What is LDAP Mapping?
LDAP mapping refers to the process of configuring the mapping between LDAP (Lightweight Directory Access Protocol) attributes and the corresponding attributes in a system or application. It involves defining how LDAP attributes, such as usernames, email addresses, and display names, are mapped to the attributes used within the target system.
How can I configure LDAP mapping?
To configure LDAP mapping, you need to provide the necessary settings and parameters in the LDAP configuration file. The configuration file includes properties such as the LDAP server URL, authentication details, base Domain Name (DN), filters, and unique identifiers. These settings define how LDAP attributes are mapped to the attributes used in your BOC product.
What are some important LDAP mapping properties?
Some important LDAP mapping properties include:
Attributes | Description |
---|---|
provider_url | Specifies the URL for the LDAP directory server. |
principal | The login name of the principal user used to look up other users. |
login_base_dn | The base domain specification where the user objects are located. |
login_filter | A filter option including a username placeholder to retrieve the required user object. |
unique_identifier | One or multiple properties that serve as a unique identifier for internal use. |
sync_base_dn | An optional parameter specifying the base domain for synchronization jobs. |
sync_filter | An optional filter to narrow down the search result set for synchronization. |
ignore_missing_objectSid | Specifies whether to ignore missing objectSid for LDAP users. |
referral | Specifies the referral handling behavior. |
What is the purpose of LDAP synchronization?

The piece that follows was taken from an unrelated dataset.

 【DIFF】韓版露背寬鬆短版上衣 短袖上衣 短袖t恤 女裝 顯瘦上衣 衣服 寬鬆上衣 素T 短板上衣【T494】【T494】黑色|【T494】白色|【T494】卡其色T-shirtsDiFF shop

LDAP synchronization involves periodically synchronizing user data from the LDAP directory server to your system. It ensures that user information, such as usernames, email addresses, and group memberships, stays up to date in your system. Synchronization can be scheduled to run at specified intervals and helps keep user data consistent between LDAP and your application.

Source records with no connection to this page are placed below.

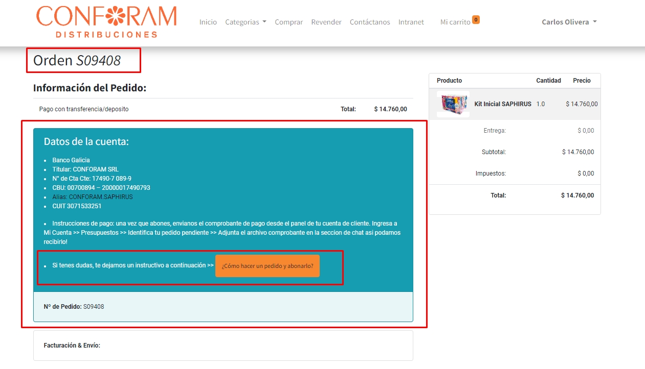 Confirmado el pedido, vas a poder ver el numero de pedido (Orden XXXX) y los datos para hacer el pago en el caso que sea por transferencia o depósito. Podes hacerlo desde el banco, hombanking o cualquier billetera virtual que dispongas. Ademas, si aun tenes dudas de cómo hacer el pago para finalizar el pedido, vas a contar con un acceso directo a este artículo para repasar los pasos (¿Cómo hacer un pedido y abonarlo?).
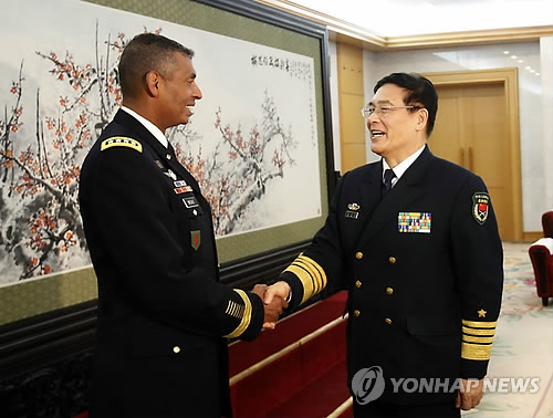 | △ 지난 1월 중국을 방문한 빈센트 브룩스 미국 태평양 육군사령관(왼쪽) (EPA=연합뉴스) |
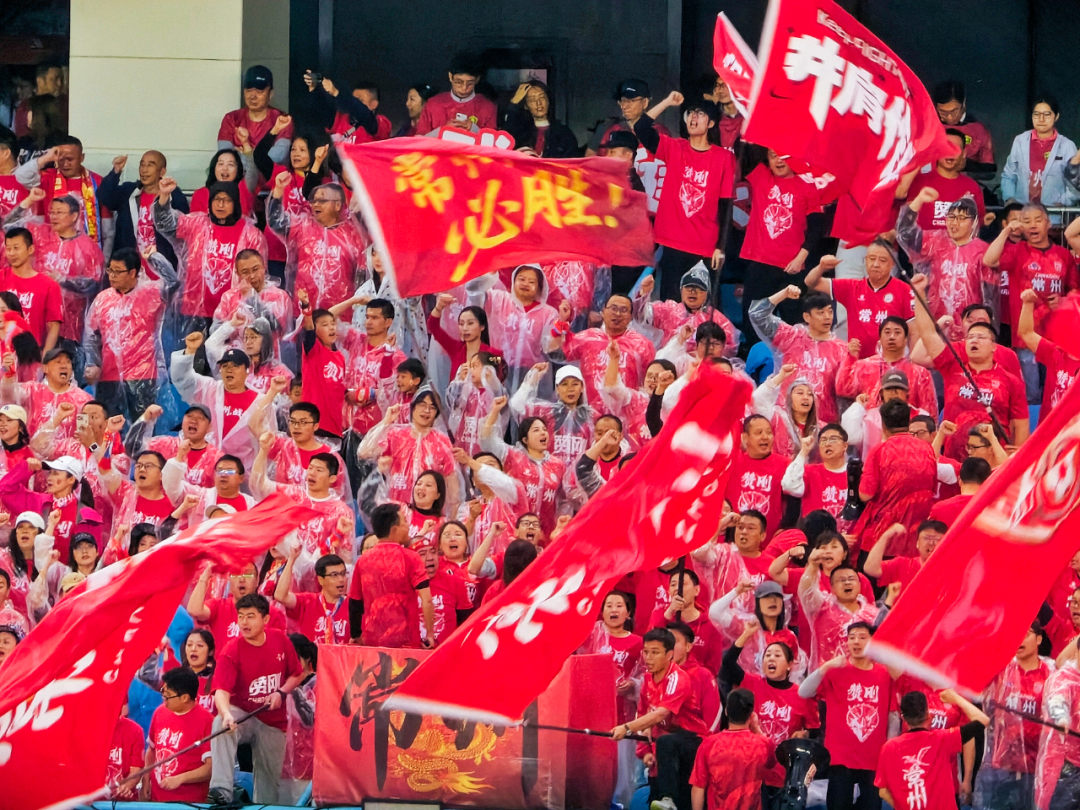 球迷狂欢:红色“常宝”球迷方阵气势如虹,呐喊声、助威歌、人浪此起彼伏,成为赛场最亮眼的风景。
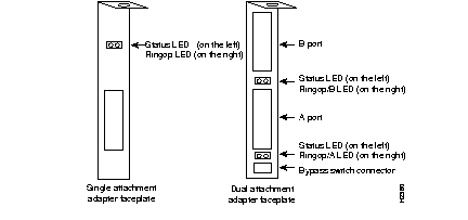 Each adapter has two LED indicators on the faceplate so that you can easily monitor the adapter's internal status and the FDDI link. Figure 1-5 shows single attachment and dual attachment FDDI EISA SGI adapter faceplates, including the LEDs.
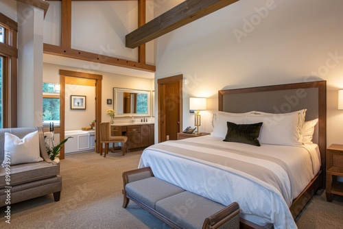 luxurious lodging showcases a suite with elegant furnishings and spa services, highlighting the opulent and relaxing amenities available for an indulgent stay.
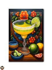 Step into a festive celebration with this vibrant and detailed artwork of a classic margarita. Surrounded by colorful floral patterns and fresh citrus, this piece captures the essence of lively gatherings and tropical indulgence.
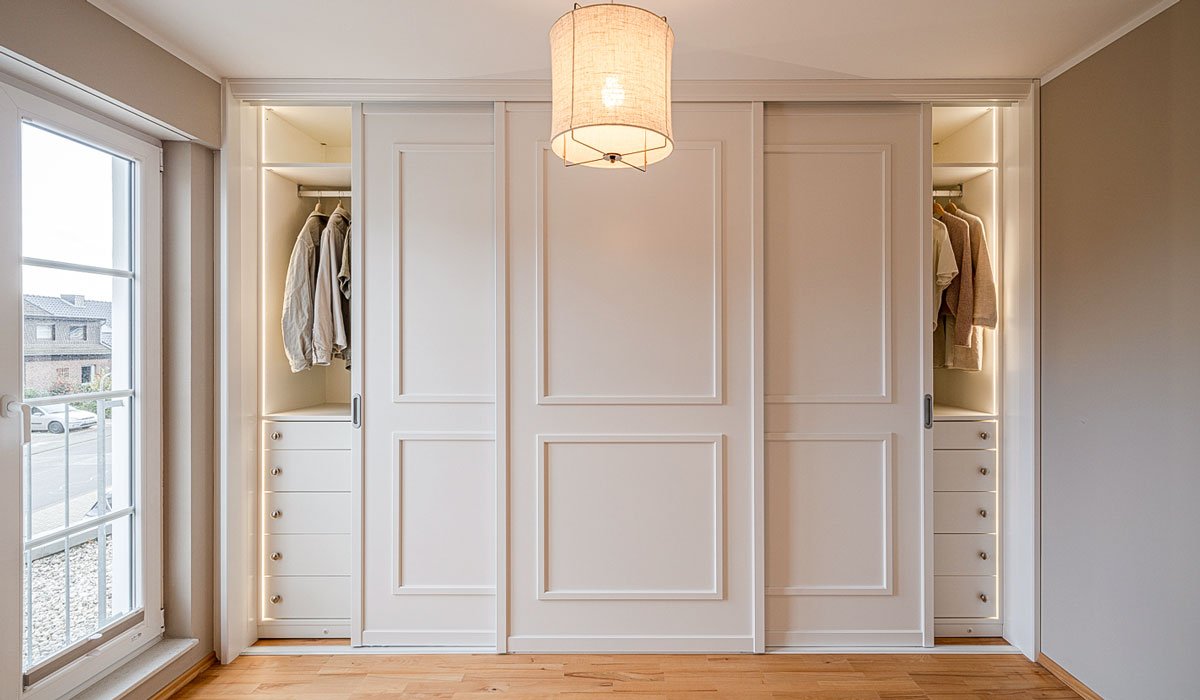 Do you dream of a home in which every corner is used optimally and design and functionality are harmoniously combined? Then you have come to the right place! A made-to-measure built-in wardrobe from CABINET is not just a piece of furniture, but an individual solution that is precisely tailored to your needs and the conditions of your room. Our made-to-measure built-in wardrobes – optionally with hinged doors or wardrobes with sliding doors – adapt to your space – whether in a narrow niche, under a sloping roof, as a bedroom wardrobe system or in a large, open space. With a built-in wardrobe, you use every millimetre efficiently and at the same time create aesthetically pleasing order. Thanks to an almost unlimited choice of materials, colours and designs, you can design your built-in wardrobe exactly to your taste.
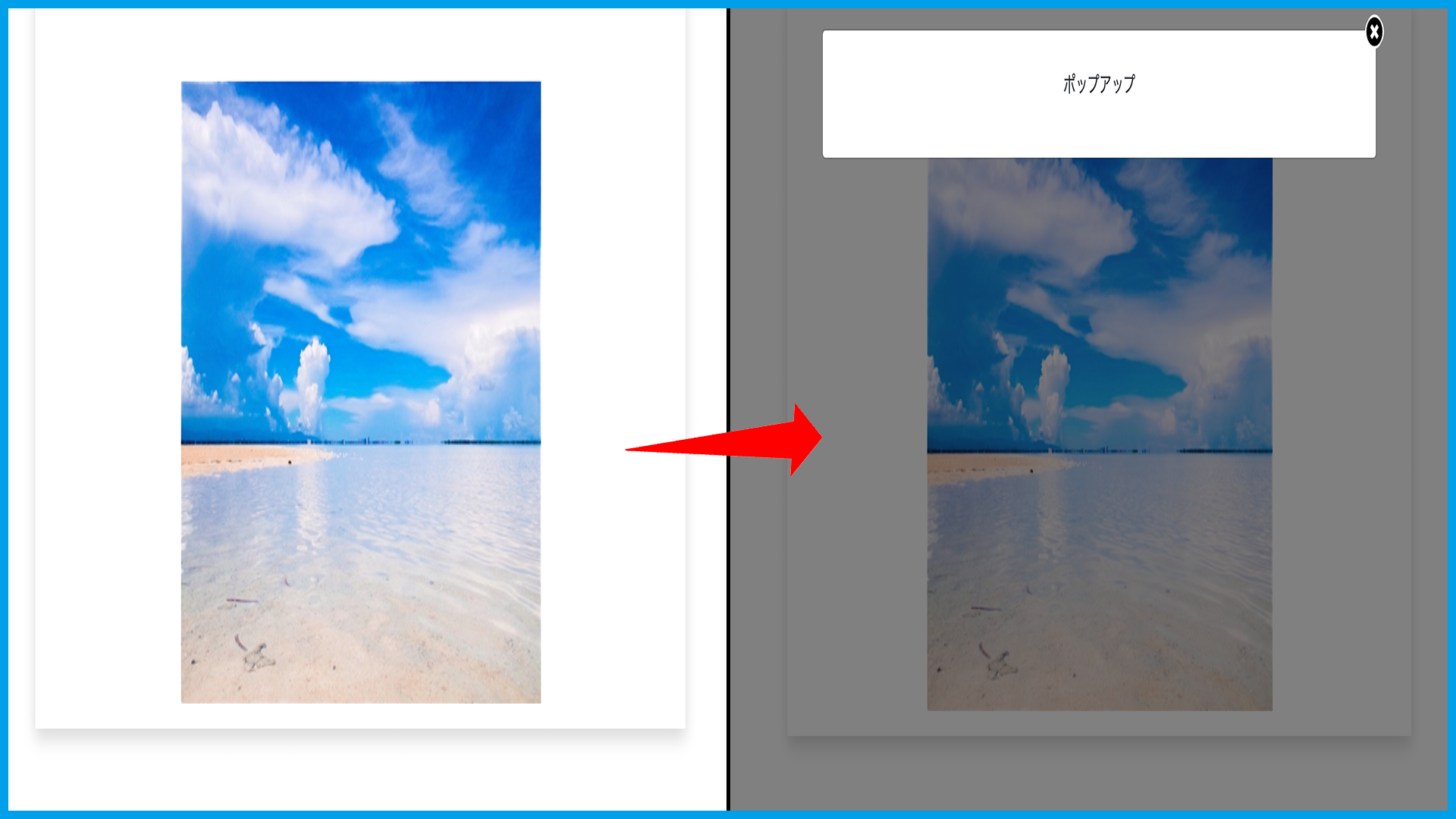 イグジットポップアップ、もしくはボタンを押したらポップアップを表示できる機能となります。
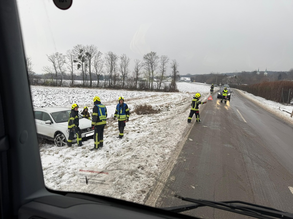 Aus unbekannter Ursache kam ein PKW von der Fahrbahn ab, schlitterte die Böschung hinunter und kam im Straßengraben zum Stehen. Dabei blieb der Lenker des Fahrzeuges unverletzt.

How can I schedule LDAP synchronization jobs?
LDAP synchronization jobs can be scheduled by specifying the synchronization details in the LDAP configuration file. Each synchronization job includes properties such as name, filter (optional), start node (optional), and schedule type (e.g., daily, weekly, monthly). By defining multiple synchronization jobs, you can schedule different synchronization tasks according to your requirements.
Example:
"synchronization": {
"schedules": [
{
"name": "LDAP_Sync",
"scheduleCronData": {
"h": 1,
"m": 0,
"w": [2, 3, 4, 5, 6]
},
"scheduleType": 4
}
]
}
What is the significance of LDAP mapping in user authentication?
LDAP mapping plays a crucial role in user authentication. When a user attempts to authenticate, the LDAP mapping configuration helps retrieve the user's credentials from the LDAP directory server, such as the username and password. The mapping ensures that the correct attributes are used for authentication, allowing users to log in to the system securely.
Are there any security considerations for LDAP mapping?
Yes, there are security considerations for LDAP mapping. It is important to ensure that the LDAP connection is secure, such as using SSL/TLS protocols when communicating with the LDAP server. Additionally, proper access controls should be in place to restrict LDAP access to authorized users only. Storing sensitive information, such as LDAP passwords, should be done securely using encryption techniques.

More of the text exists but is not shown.